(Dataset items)
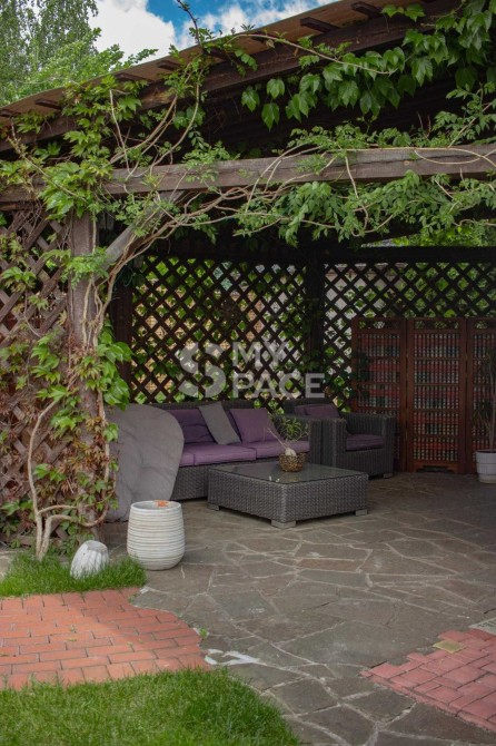 Територія з ландшафтним дизайном виглядає красиво та доглянуто, газон з автоматичним поливом, декоративні та плдові дерева. Візуально територія ділянки розділена на зони- відпочинку, барбек'ю, господарську частину.
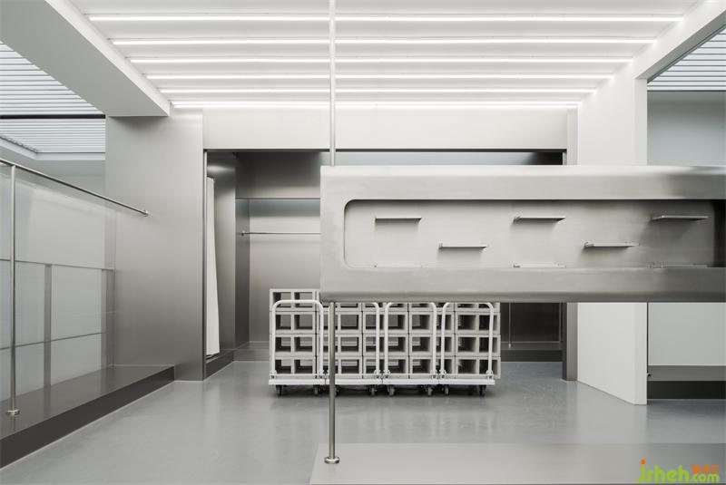 白色的空間,水泥地板,金屬質(zhì)感的衣架,感受這由空間帶來的未來感。
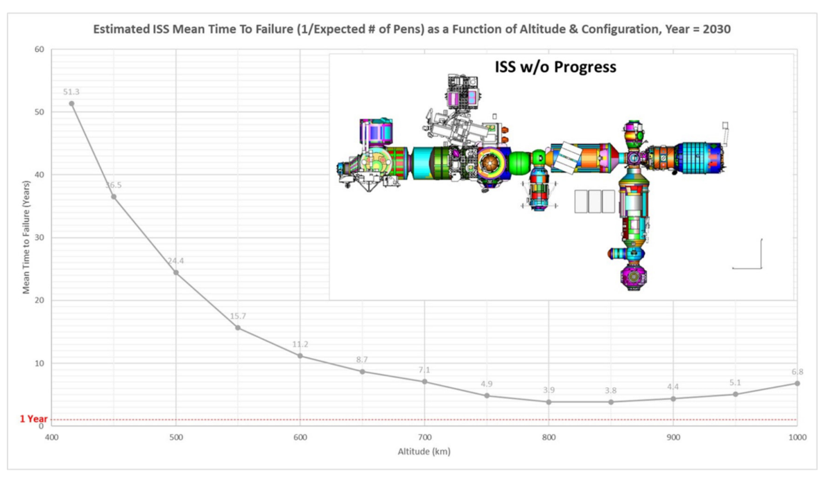 ¶Coming down. SpaceX won a contract valued at up to $843 million to build a vehicle capable of safely deorbiting the ISS once the station is decommissioned in 2030 (c.f. Issue 270). The Agency also released a whitepaper detailing its approach and reasoning around multiple decommissioning scenarios. While many people have suggested raising the ISS’s orbit and turning it into a museum, the amount of fuel needed to move the approximately 420-ton station to a high enough orbit to remain stable for long durations is beyond prohibitive, at least with existing chemical propulsion and current vehicles (propellant alone would be 4-15x the amount needed for a deorbit). Additionally, boosting to a higher altitude means moving through bands of significantly higher debris strike risk, which in a worst-case scenario, could create a cascade of debris (possibly even leading to Kessler syndrome). | |
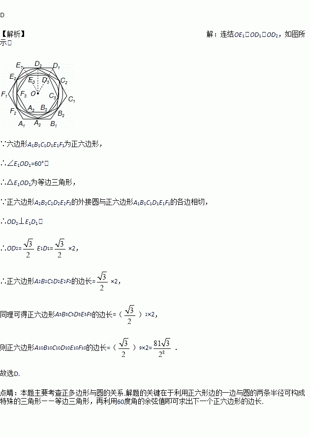 如图,正六边形A1B1C1D1E1F1的边长为2,正六边形A2B2C2D2E2F2的外接圆与正六边形A1B1C1D1E1F1的各边相切,正六边形A3B3C3D3E3F3的外接圆与正六边形A2B2C2D2E2F2的各边相切,…按这样的规律进行下去,A10B10C10D10E10F10的边长为( )
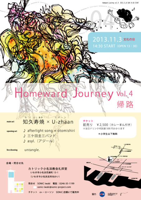2013年11月3日(日)いわき カトリック小名浜教会礼拝堂 Homeward Journey 帰路 Vol.4 http://homewardjourney.businesscatalyst.com/vol.4-のこと.html 知久寿焼 × U-zhaan afterlight song + otomishiri 三ケ田圭三バンド asyl. 13:30/14:30 2500円(カレーまん付き)+ドリンク500円 発売中。くわしくは上記サイト、下記チラシ画像をご参照ください。 http://u-zhaan.com/schedule/images/帰路04フライヤ_修正0730_0001.jpg :::::::::::::::::::::::::::::::::::::::::::::::::::::::::::: 以上、知久寿焼website(http://
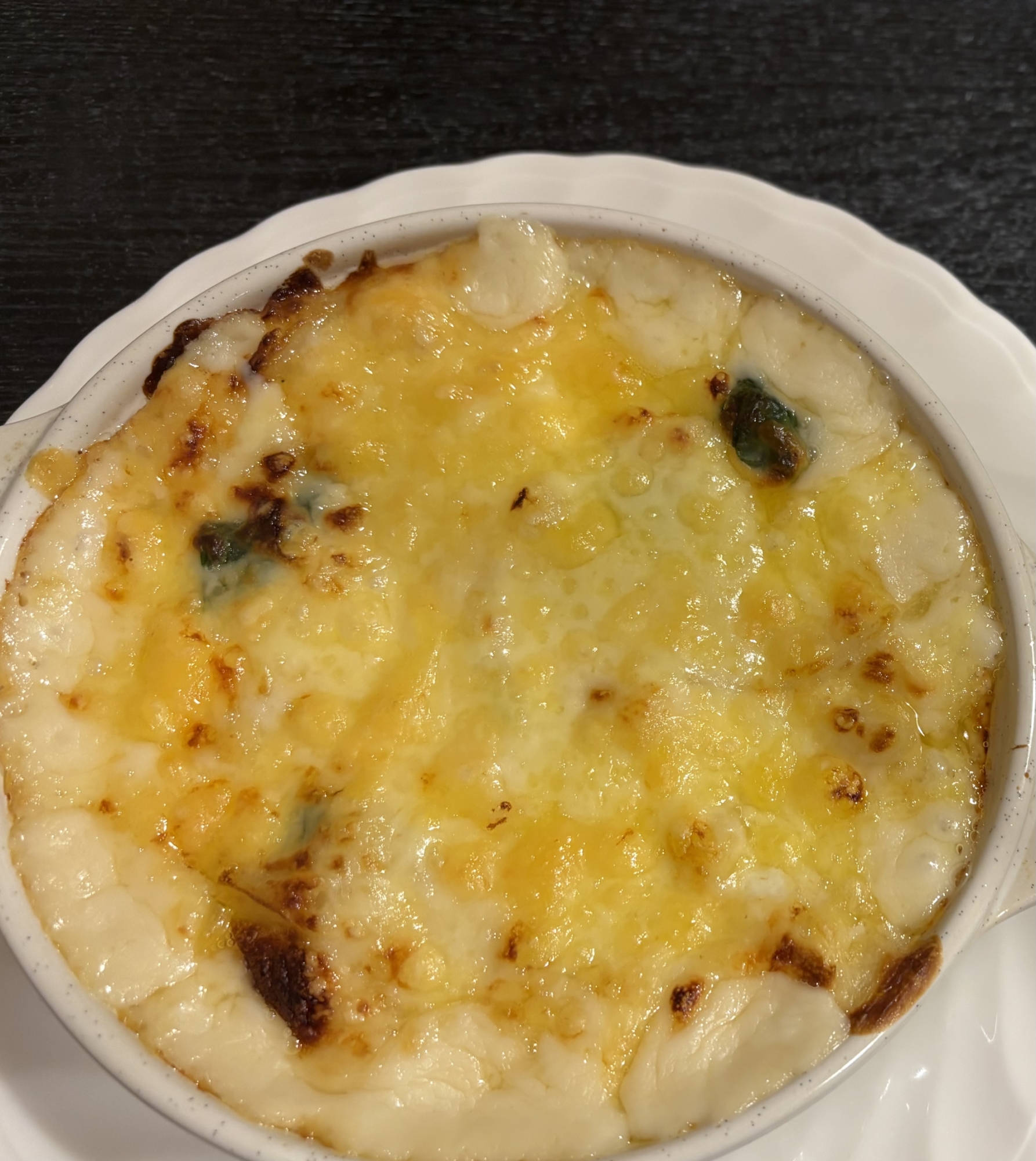 レシピタイトル:国産チーズで♪鮭とほうれん草のマカロニグラタン
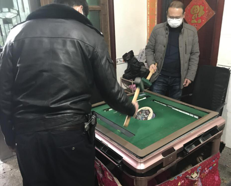 2月6日下午,左权镇疫情防控指挥部接到群众举报:“XX村XX组有人在聚众打麻将。”左权镇党委副书记胡广立即组织镇村两级干部、派出所干警赶赴现场,发现屋内确实有人在打麻将,且室内空间较小,空气流通性差,病菌很容易传播。工作人员立即对麻将馆负责人及参与人员进行了严肃批评教育,并当场用锤子砸毁麻将机,以此警示不听劝阻聚众打牌的村民。
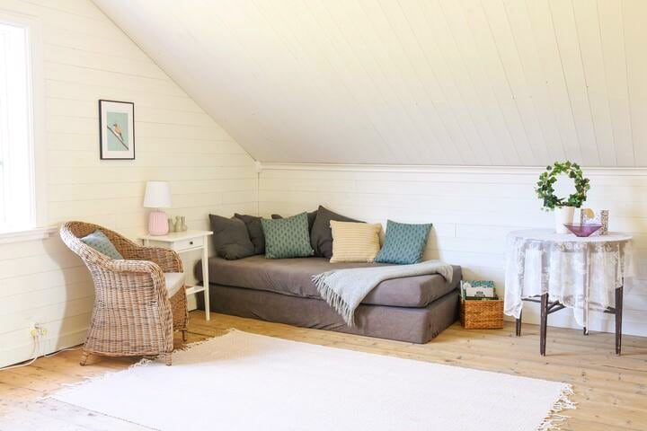 Dobro došli u naš dom! Nudimo svetao i prozračan stan u centru Härnösanda u slikovitom okrugu Östanbäcken. Stan ima dvije sobe, spavaću sobu i dnevni boravak (ukupno 59 m2) i nalazi se na drugom spratu naše seoske kuće. U spavaćoj sobi se nalazi bračni krevet, a u dnevnom boravku krevet na razvlačenje koji se može pretvoriti u bračni krevet. Nažalost, u dnevnom boravku nema vrata, ali smo postavili zavjesu koja se može navući. Parking je odmah ispred.
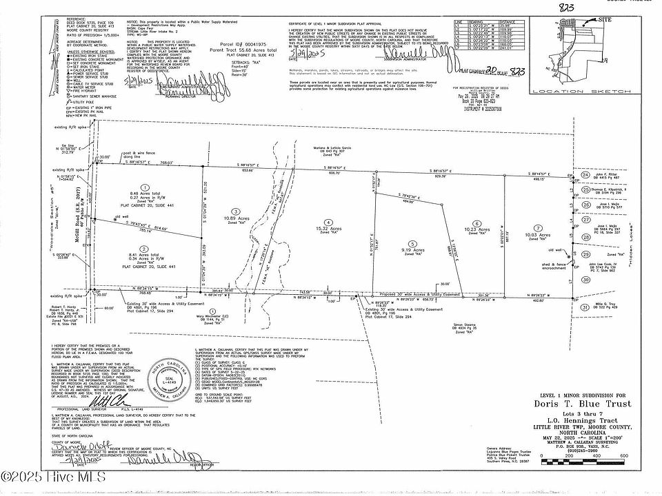 Five lots (Lots 3-7) remain available as of 11/29/2025, ranging from approx. 9 to 15+ acres.
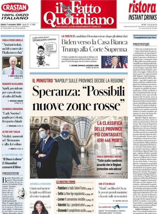 Il Fatto Quotidiano apre con le parole del Ministro Speranza sull’eventualità di nuove zone rosse.
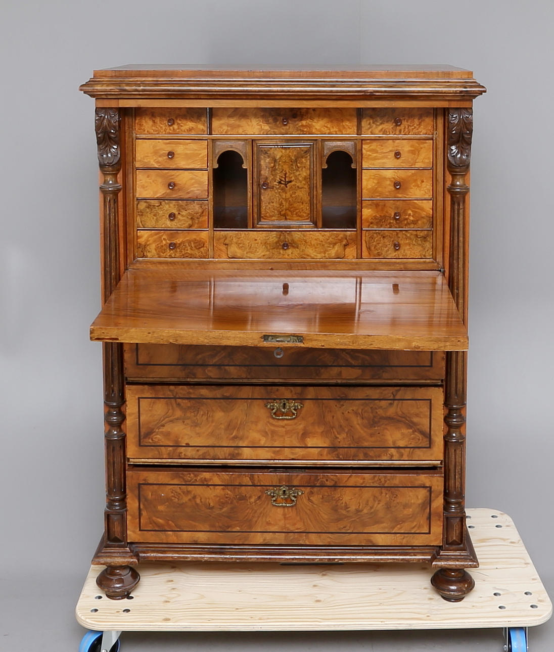 Med rotfaner samt mässingsbeslag.

■ What the exercise asks
Reproduce the data above exactly, leaving out any picture in it.

■ Result
 Територія з ландшафтним дизайном виглядає красиво та доглянуто, газон з автоматичним поливом, декоративні та плдові дерева. Візуально територія ділянки розділена на зони- відпочинку, барбек'ю, господарську частину.
 白色的空間,水泥地板,金屬質(zhì)感的衣架,感受這由空間帶來的未來感。
 ¶Coming down. SpaceX won a contract valued at up to $843 million to build a vehicle capable of safely deorbiting the ISS once the station is decommissioned in 2030 (c.f. Issue 270). The Agency also released a whitepaper detailing its approach and reasoning around multiple decommissioning scenarios. While many people have suggested raising the ISS’s orbit and turning it into a museum, the amount of fuel needed to move the approximately 420-ton station to a high enough orbit to remain stable for long durations is beyond prohibitive, at least with existing chemical propulsion and current vehicles (propellant alone would be 4-15x the amount needed for a deorbit). Additionally, boosting to a higher altitude means moving through bands of significantly higher debris strike risk, which in a worst-case scenario, could create a cascade of debris (possibly even leading to Kessler syndrome). | |
 如图,正六边形A1B1C1D1E1F1的边长为2,正六边形A2B2C2D2E2F2的外接圆与正六边形A1B1C1D1E1F1的各边相切,正六边形A3B3C3D3E3F3的外接圆与正六边形A2B2C2D2E2F2的各边相切,…按这样的规律进行下去,A10B10C10D10E10F10的边长为( )
2013年11月3日(日)いわき カトリック小名浜教会礼拝堂 Homeward Journey 帰路 Vol.4 http://homewardjourney.businesscatalyst.com/vol.4-のこと.html 知久寿焼 × U-zhaan afterlight song + otomishiri 三ケ田圭三バンド asyl. 13:30/14:30 2500円(カレーまん付き)+ドリンク500円 発売中。くわしくは上記サイト、下記チラシ画像をご参照ください。 http://u-zhaan.com/schedule/images/帰路04フライヤ_修正0730_0001.jpg :::::::::::::::::::::::::::::::::::::::::::::::::::::::::::: 以上、知久寿焼website(http://
 レシピタイトル:国産チーズで♪鮭とほうれん草のマカロニグラタン
 2月6日下午,左权镇疫情防控指挥部接到群众举报:“XX村XX组有人在聚众打麻将。”左权镇党委副书记胡广立即组织镇村两级干部、派出所干警赶赴现场,发现屋内确实有人在打麻将,且室内空间较小,空气流通性差,病菌很容易传播。工作人员立即对麻将馆负责人及参与人员进行了严肃批评教育,并当场用锤子砸毁麻将机,以此警示不听劝阻聚众打牌的村民。
 Dobro došli u naš dom! Nudimo svetao i prozračan stan u centru Härnösanda u slikovitom okrugu Östanbäcken. Stan ima dvije sobe, spavaću sobu i dnevni boravak (ukupno 59 m2) i nalazi se na drugom spratu naše seoske kuće. U spavaćoj sobi se nalazi bračni krevet, a u dnevnom boravku krevet na razvlačenje koji se može pretvoriti u bračni krevet. Nažalost, u dnevnom boravku nema vrata, ali smo postavili zavjesu koja se može navući. Parking je odmah ispred.
 Five lots (Lots 3-7) remain available as of 11/29/2025, ranging from approx. 9 to 15+ acres.
 Il Fatto Quotidiano apre con le parole del Ministro Speranza sull’eventualità di nuove zone rosse.
 Med rotfaner samt mässingsbeslag.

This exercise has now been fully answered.